= Beginning of Section =
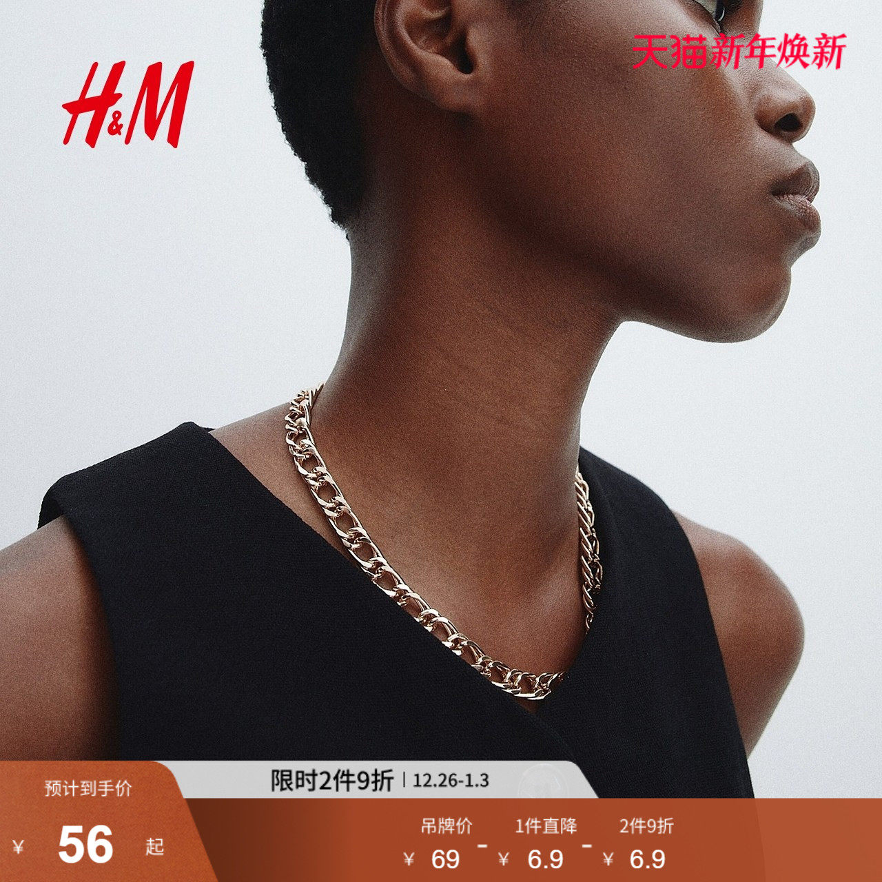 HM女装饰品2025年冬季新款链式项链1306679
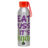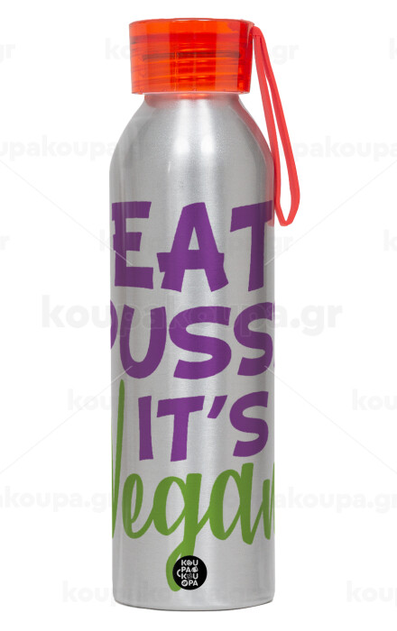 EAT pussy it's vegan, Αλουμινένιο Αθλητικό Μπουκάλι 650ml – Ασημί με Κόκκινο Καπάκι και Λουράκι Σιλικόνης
= End of Section =
= Beginning of Section =
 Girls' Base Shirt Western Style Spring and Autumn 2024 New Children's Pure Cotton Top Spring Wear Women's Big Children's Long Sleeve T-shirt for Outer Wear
= End of Section =
## Prompt
Only the lines above from the one containing "HM女装饰品2025年冬季新款链式项链1306679" through the one containing "EAT pussy it's" should be returned, verbatim and inclusive, with pictures excluded.

## Answer area
 HM女装饰品2025年冬季新款链式项链1306679
 EAT pussy it's vegan, Αλουμινένιο Αθλητικό Μπουκάλι 650ml – Ασημί με Κόκκινο Καπάκι και Λουράκι Σιλικόνης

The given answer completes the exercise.